Il mondo dell’istruzione scende in piazza per protestare, i ricercatori e gli studenti salgono sui tetti delle facoltà universitarie ed occupano luoghi simbolo della storia e della cultura nazionale, Colosseo compreso, con un impatto mediatico strabiliante che rimbalza sui blog e sui siti.
I rettori e gli insegnanti affiancano questo movimento di opposizione saldando insieme, in un unico e comune sforzo di ribellione, generazioni diverse che rivestono ruoli diversi.
A macchia d’olio, la protesta si estende come un virus salvifico in tutto il Paese, riconsegnando la speranza che la società civile non sia morta sotto i colpi del bromuro di regime, della tv commerciale, del modello produci-consuma-crepa, del dominio dell’apparire/avere sull’essenza/essere, della dittatura del benessere privato sull’interesse pubblico, del liberismo senza regole che concepisce lo Stato sociale come una zavorra.
Insomma il berlusconismo non ha vinto totalmente, come è dimostrato da queste settimane di mobilitazione contro la riforma dell’istruzione firmata Gelmini.
Una riforma che è distillato puro del berlusconismo, che rappresenta una negazione della democrazia, che risponde ad un piano preciso neo-autoritario messo a punto da questo esecutivo. Un piano che ha due terreni di intervento principali: l’istruzione e il lavoro. Piegare questi due pilastri della democrazia significa controllare la democrazia stessa.

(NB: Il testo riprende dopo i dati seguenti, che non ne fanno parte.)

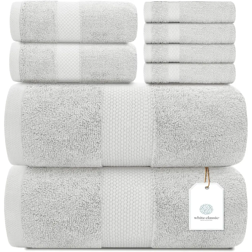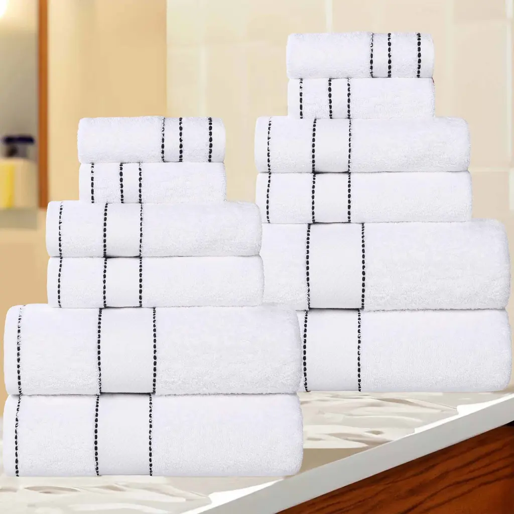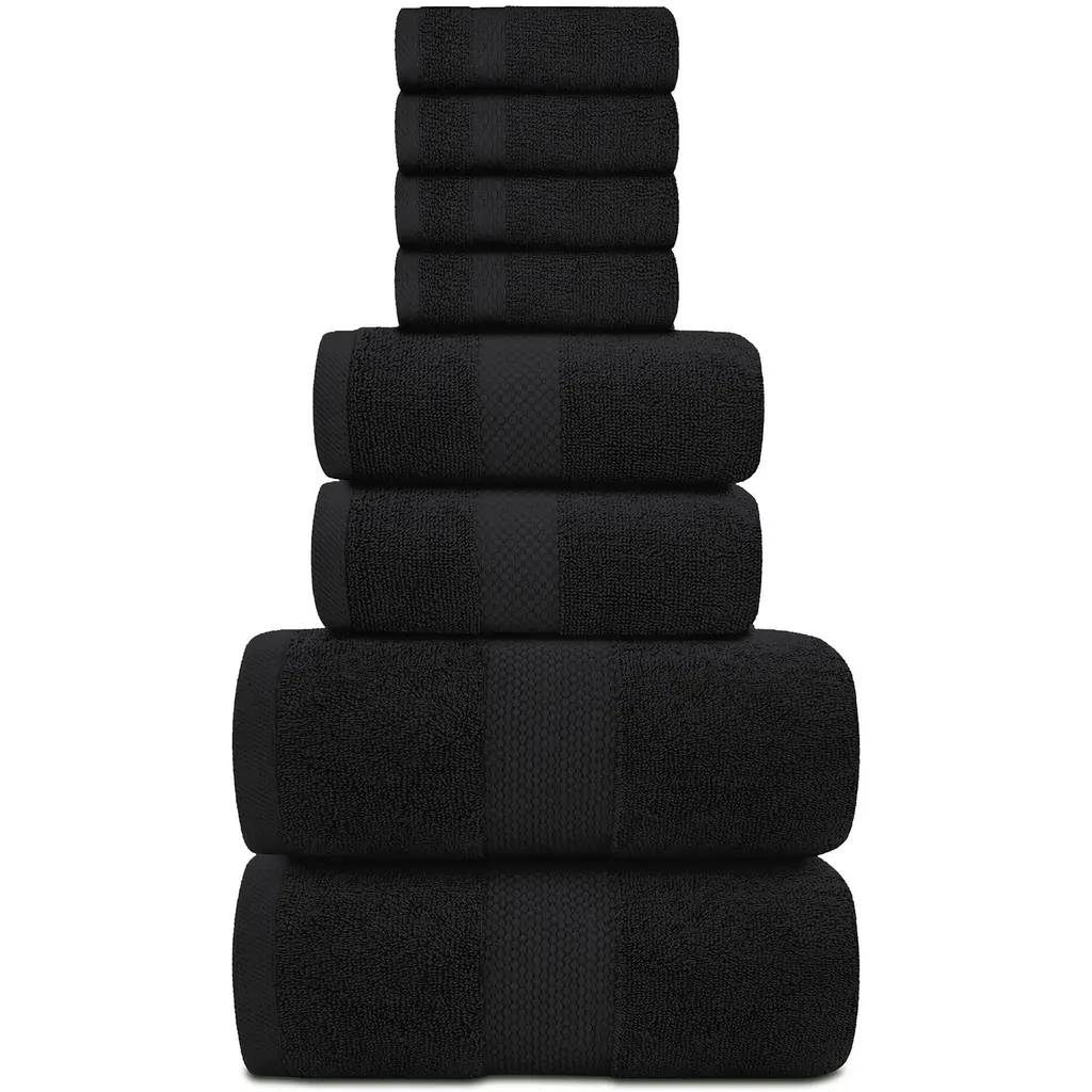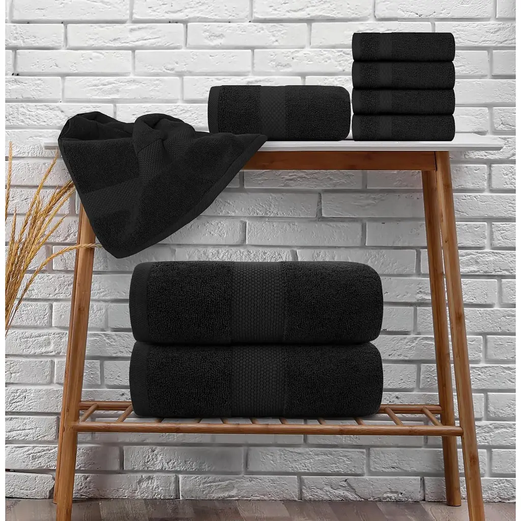 White Classic Luxury Cotton 8Pc Multi Size Towel Set [2 Bath Towels, 2 Hand Towels, 4 Washcloths] - N/a - Black
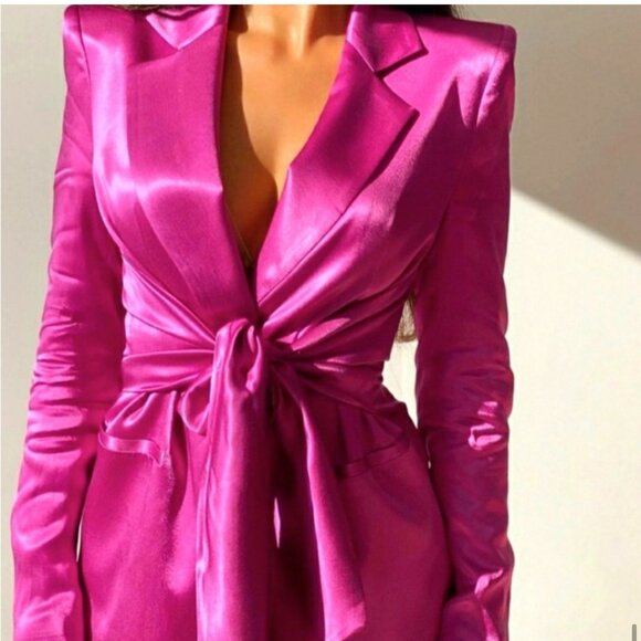 Gorgeous satiny blazer. Size Medium. Barely worn, has one slight mark - see photos. Not noticeable since the tie covers it.

Le scuole e le università ridotte a serbatoi di giovani cervelli spenti e le fabbriche a spazi di contenimento di automi meccanici, centrando così l’obiettivo: rendere le coscienze controllabili e manovrabili.
Riforma Gelmini e piano Marchionne-Confindustria-parte dei sindacati sono speculari perché servono lo stesso fine del governo. Un piano tanto pericoloso quanto vecchio, a cui risponde per fortuna la protesta sociale e la disobbedienza civile, che l’esecutivo cerca di criminalizzare e soprattutto di provocare, magari per mezzo della militarizzazione degli spazi del dissenso come accaduto a Roma: il Palazzo blindato durante l’approvazione del ddl Gelmini, un dispiegamento di forze dell’ordine dislocate per tutta la città, ridotta a paesaggio spettrale. Roma città fantasma da golpe.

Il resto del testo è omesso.